No More Tax-Free Club for the FANG Companies
Given that most social media companies—except for a handful of Chinese ones—in the G20 are American and are listed on Wall Street, the other G20 countries have little to lose. They may even use the occasion to break up the big social outlets like Facebook into more manageable pieces. Even so, the G20 will work harder to impose a new tax regime on Facebook and the other big multinational firms like Amazon and Netflix.
They will not secure results right away. But, especially in the face of Trump’s new international tariff game, they will insist that the FANG and other “new economy” companies can no longer remain exempt—for all intents—from taxation. The G20 is out to break the tax-free club. The first steps could come early enough. They could include a tax on gross sales, depending on where users reside. (Source: ZDNet, op cit.)
As common sense as that appears, such a tax—not to mention what could come later—contrasts sharply with the United States. Congress and Silicon Valley, Republican and Democrat, will shout that they cannot be expected to pay taxes that inhibit the tech sector from growing. As a reminder of the stakes, the FANG sector has seen some remarkable stock developments since the start of 2018. Netflix has gained some 65% and Amazon has risen 32%. Facebook is merely the first to meet an obstacle.

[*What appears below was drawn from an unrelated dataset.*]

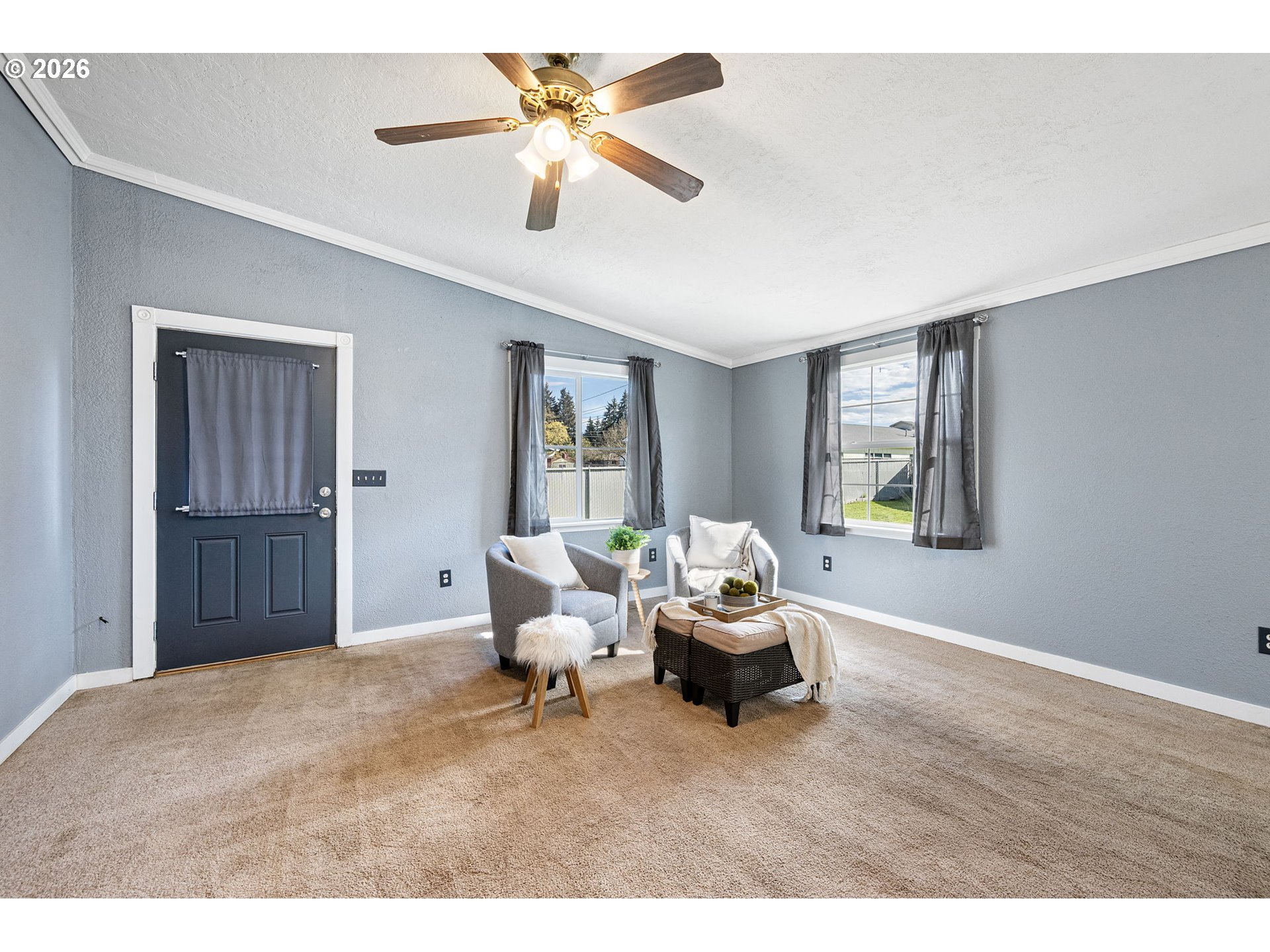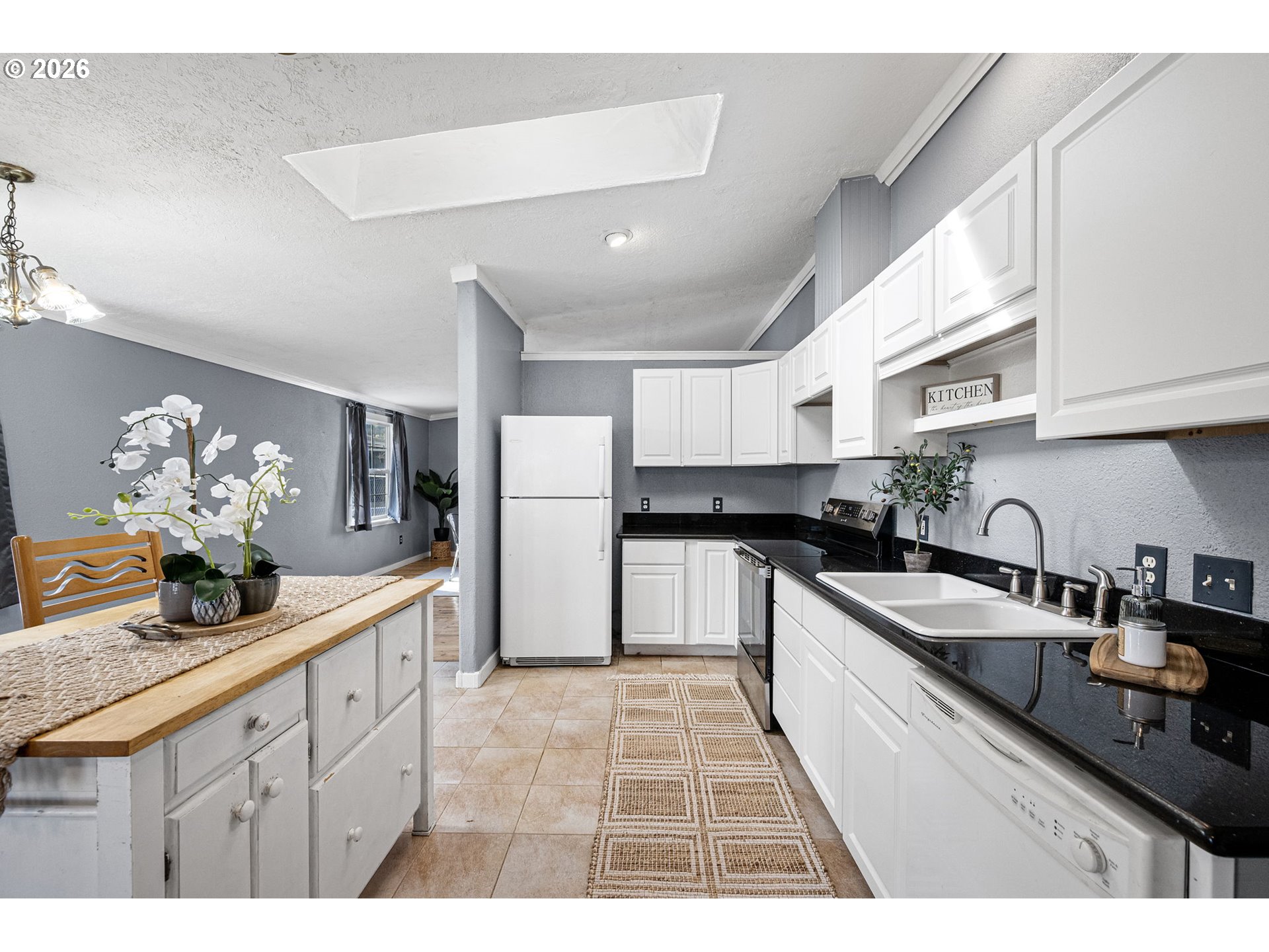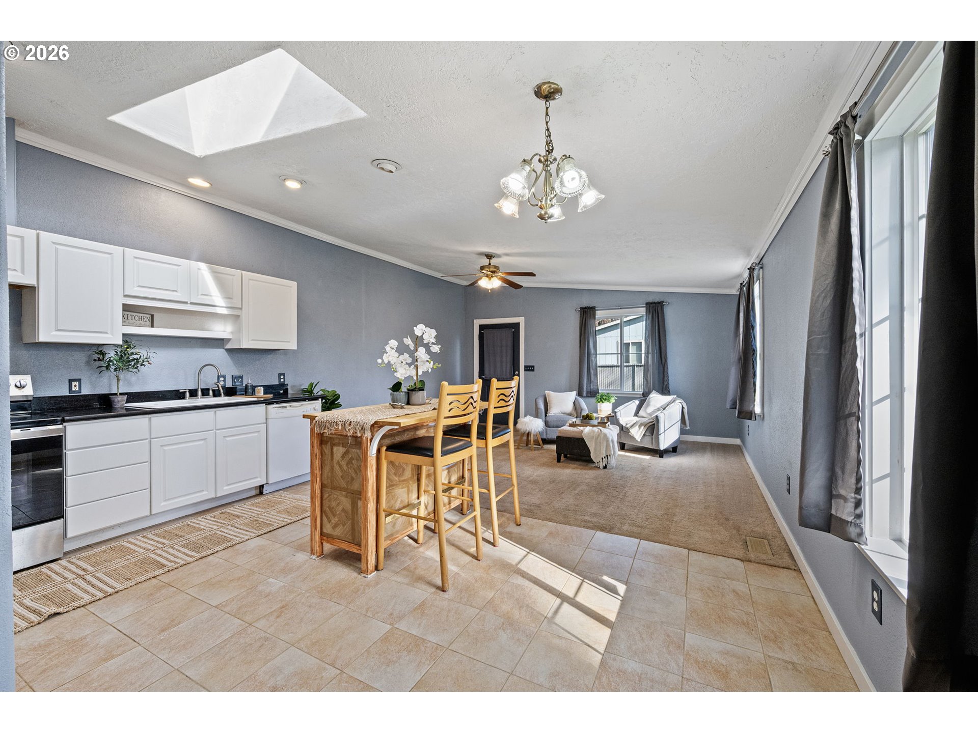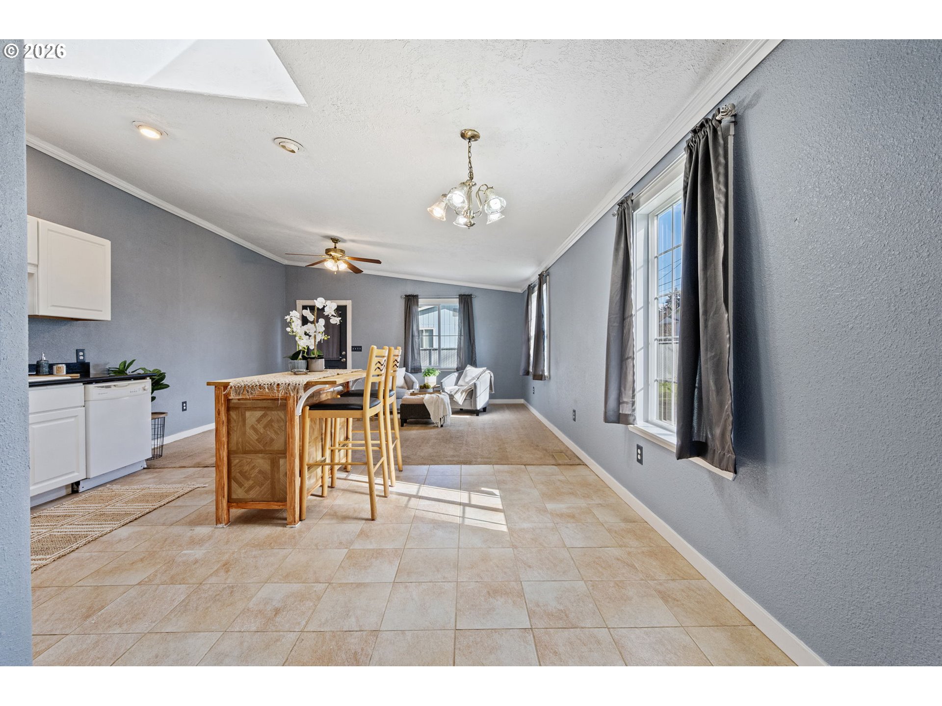 Located in a cul-de-sac in Sweet Home, this 3-bedroom, 2-bath home offers 1,476 square feet with a functional layout and great potential for a buyer ready to make it their own. Vaulted ceilings run through the living room, kitchen, dining, and family room, creating an open feel across the main living spaces. The kitchen includes quartz countertops, tile flooring, and an island with an eat bar, and connects directly to the dining and family room in a great room-style layout. The dining area has a skylight for added natural light, and the family room has direct access to the backyard. The vaulted primary bedroom includes a walk-in closet and full bathroom with a skylight. Additional features include indoor laundry, a two-car garage, wood flooring in the living room, a covered front porch, fenced yard, and back deck. Roof and fence new in 2023. A strong opportunity for buyers looking to build equity and make it their own.

Facebook has remained a target for bears as allegations that Russian operators have reached out to American voters with ads and fake news persist. The Senate and House Commissions have gotten involved, launching inquiries. But Zuckerberg has managed to stay away. How long will he be able to stay away? The sight of Zuckerberg testifying before Congress could be the trigger for a massive FANG sell-off and the burst of the tech bubble. Be vigilant.